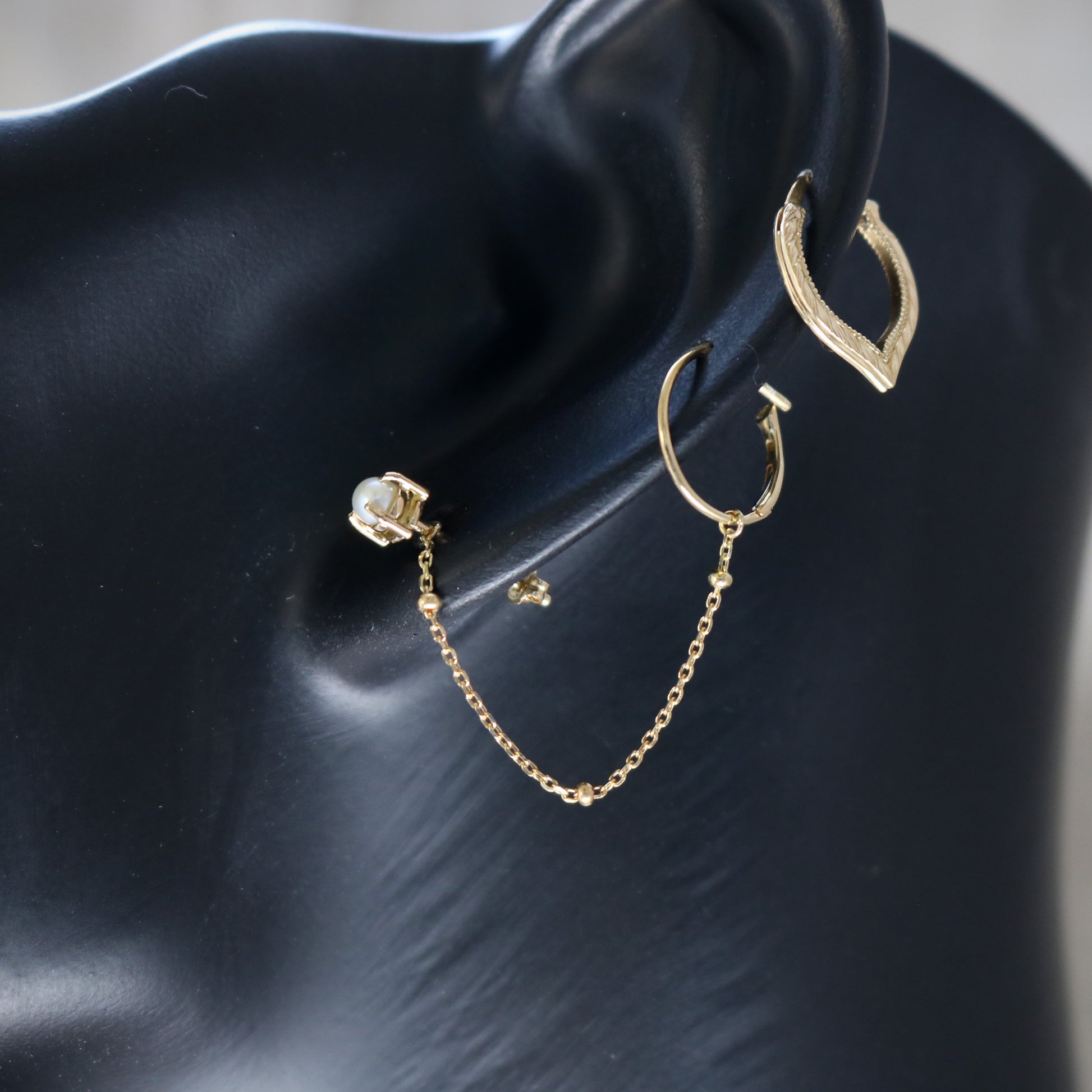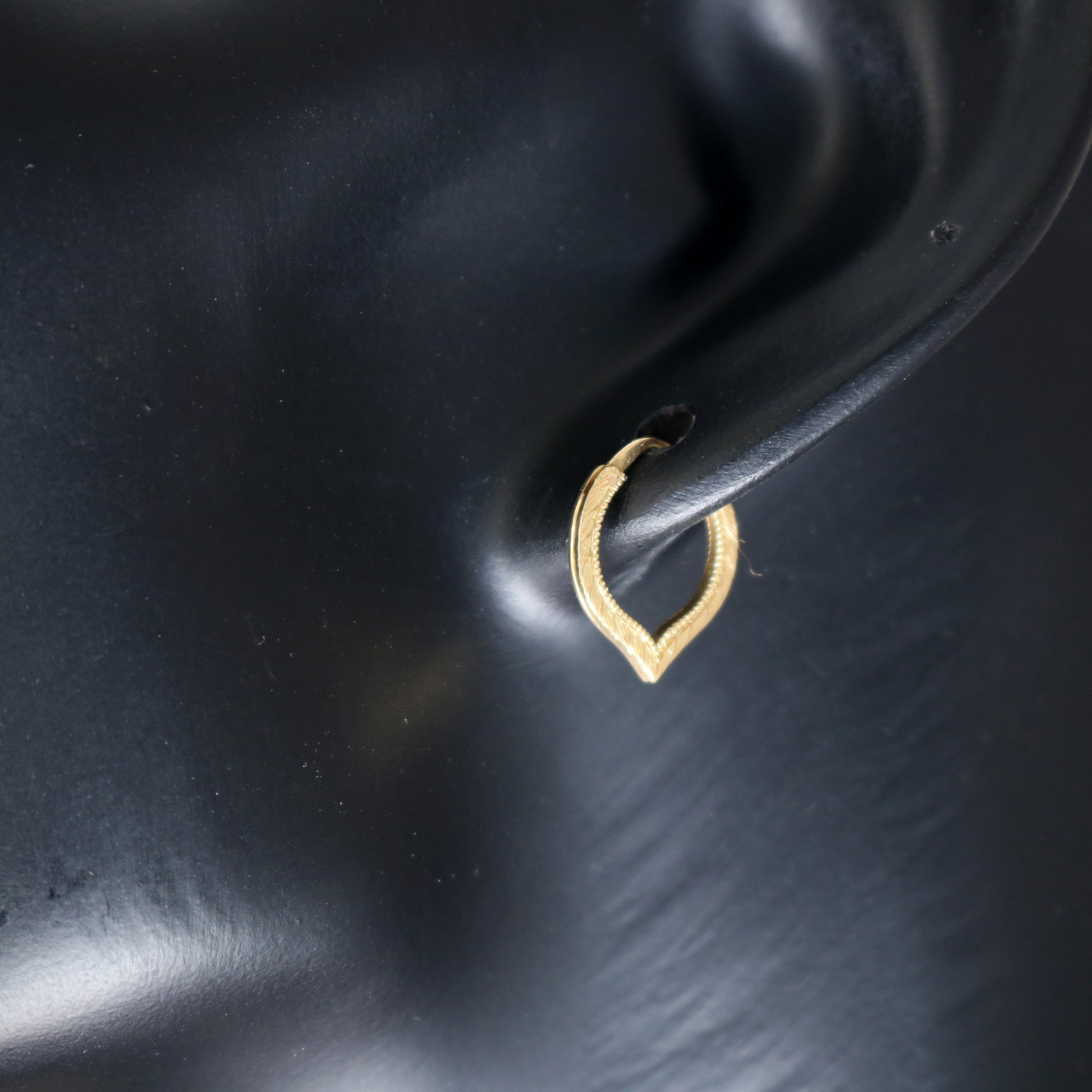 葉のモチーフを彫りいれた華奢なシングルイアリング。
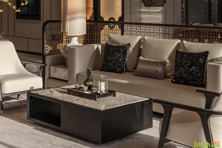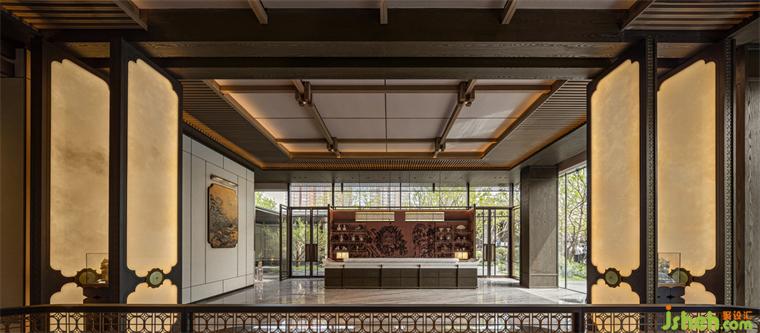 營銷中心設(shè)計對稱均衡的空間布局與古都中軸線交相輝映,黑木以翠綠如玉的石紋點綴,暖光映襯下,盡顯溫潤文雅之風。
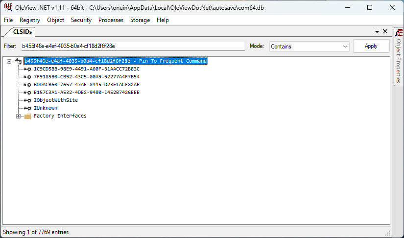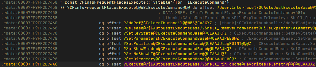 The COM class implements these interfaces and is a normal IExecuteCommand-based command. Based on the CLSID, the coclass is likely named PinToFrequent. I searched for it in IDA Pro's Names tab.
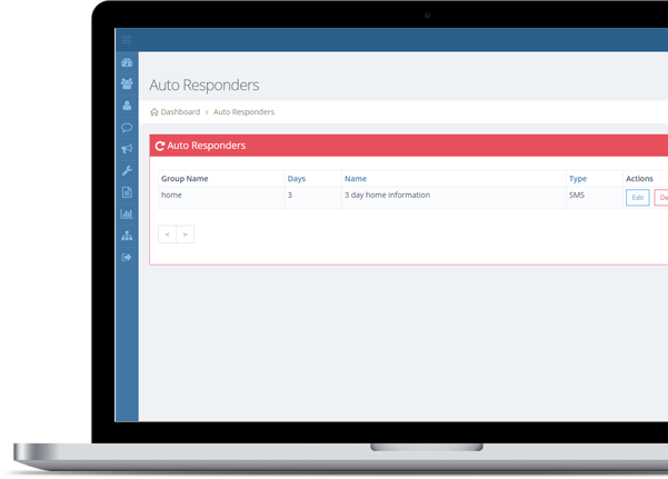 Search on name, number, group and source of sign-up. Send these contacts a SMS individually from here or as part of a group from the bulk SMS module.
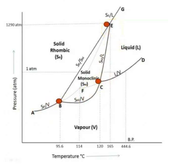 蒸気圧曲線だけで分からない点を状態図で確認すると、硫黄の三重点は95℃付近に三重点があります。
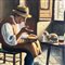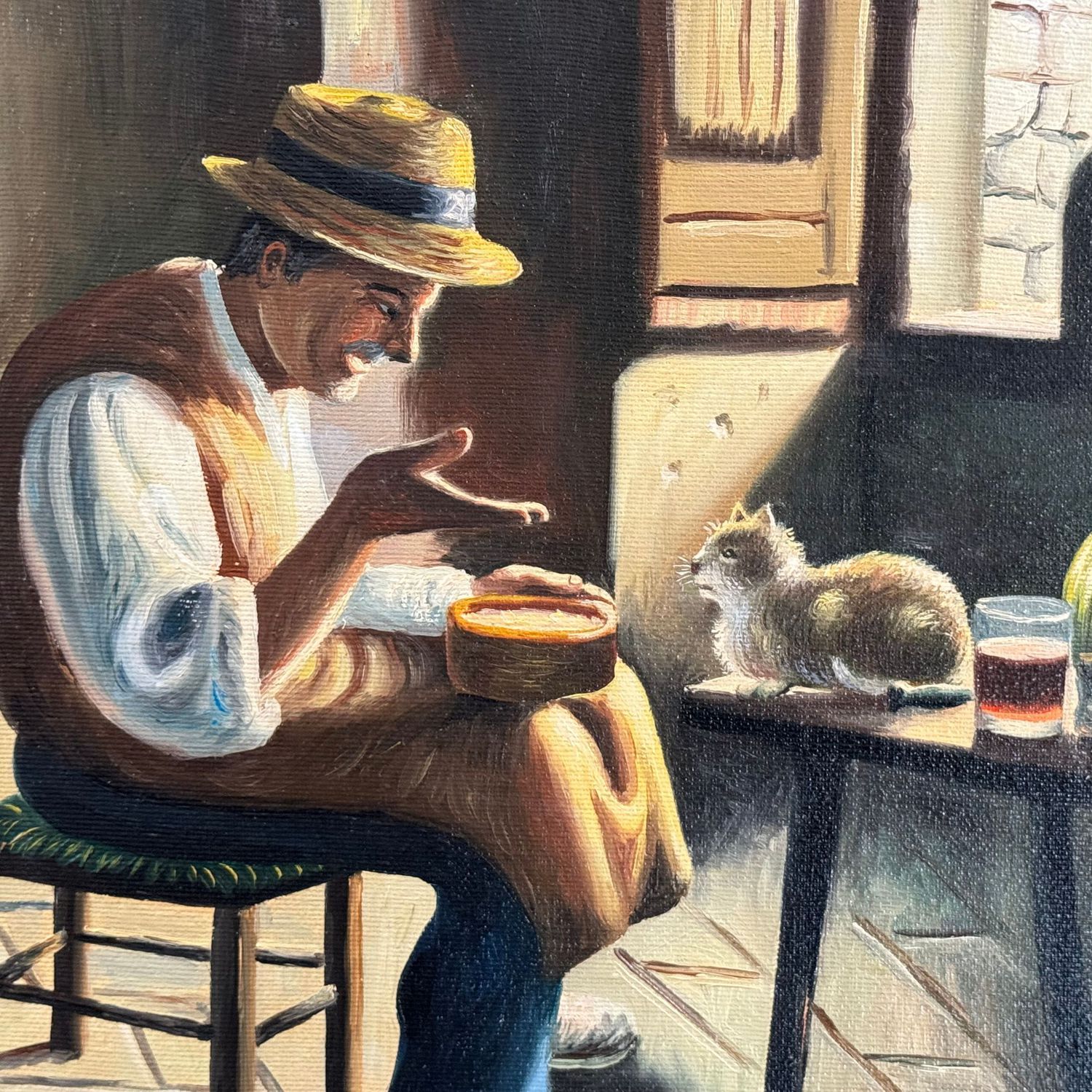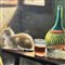 Dipinto olio su tela, periodo XX secolo scuola italiana, raffigurante Giochi col gatto.
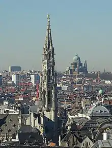 La Tour de l'Hôtel de ville et le plateau de Koekelberg dominant Bruxelles.
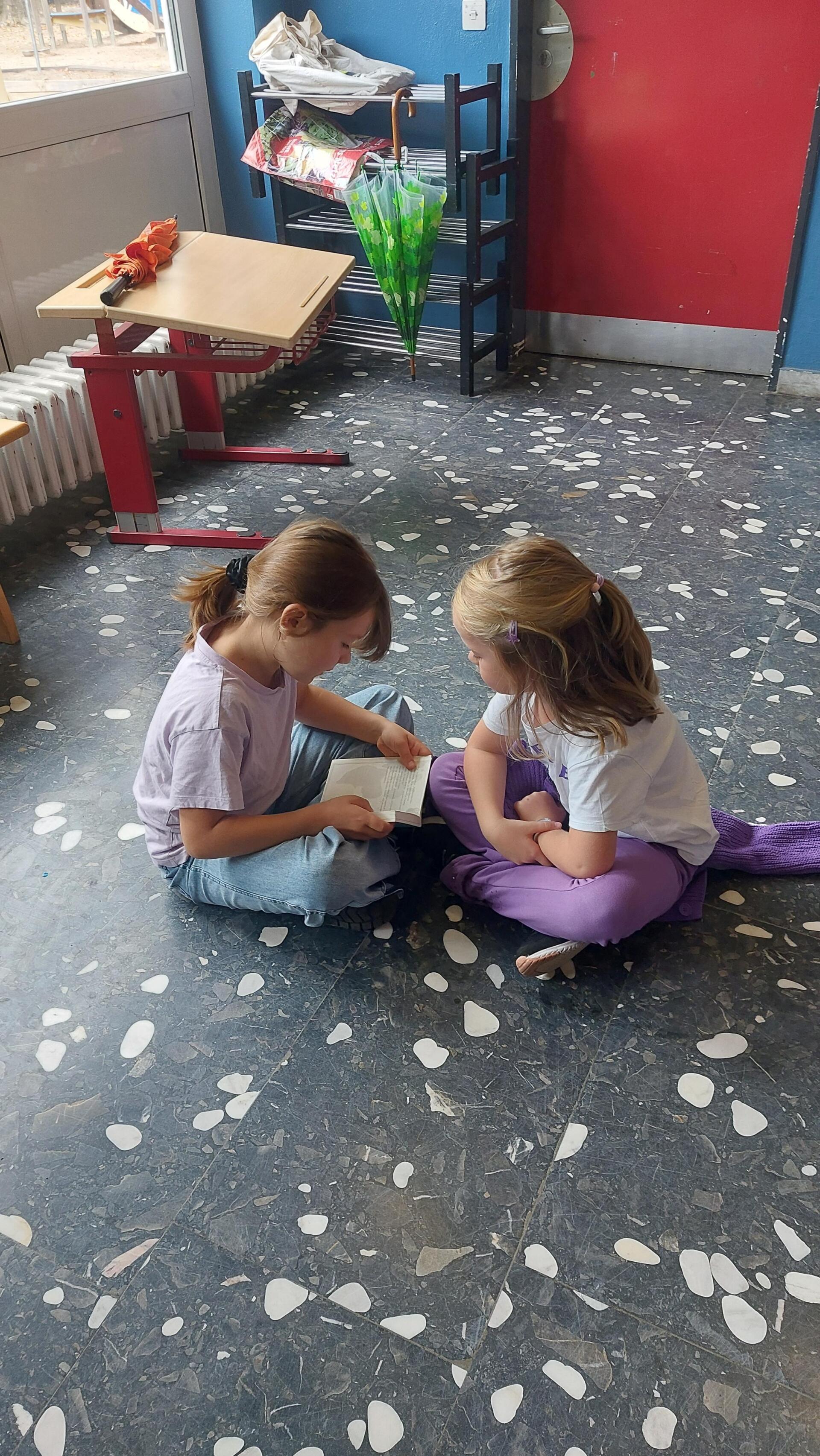Unsere Igelkinder waren zu Besuch in der Delfinklasse. Nach einem gemeinsamen Frühstück wurde unseren Schulanfängern von ihren Paten vorgelesen. Da wurde es so richtig gemütlich. Alle waren ganz glücklich - was auf den Bildern gut zu erkennen ist.

• [PROBLEM DETAILS]:
All of the data, minus its pictures, should be repeated exactly.

• [THE ANSWER]:
 葉のモチーフを彫りいれた華奢なシングルイアリング。
 營銷中心設(shè)計對稱均衡的空間布局與古都中軸線交相輝映,黑木以翠綠如玉的石紋點綴,暖光映襯下,盡顯溫潤文雅之風。
 The COM class implements these interfaces and is a normal IExecuteCommand-based command. Based on the CLSID, the coclass is likely named PinToFrequent. I searched for it in IDA Pro's Names tab.
 Search on name, number, group and source of sign-up. Send these contacts a SMS individually from here or as part of a group from the bulk SMS module.
 蒸気圧曲線だけで分からない点を状態図で確認すると、硫黄の三重点は95℃付近に三重点があります。
 Dipinto olio su tela, periodo XX secolo scuola italiana, raffigurante Giochi col gatto.
 La Tour de l'Hôtel de ville et le plateau de Koekelberg dominant Bruxelles.
Unsere Igelkinder waren zu Besuch in der Delfinklasse. Nach einem gemeinsamen Frühstück wurde unseren Schulanfängern von ihren Paten vorgelesen. Da wurde es so richtig gemütlich. Alle waren ganz glücklich - was auf den Bildern gut zu erkennen ist.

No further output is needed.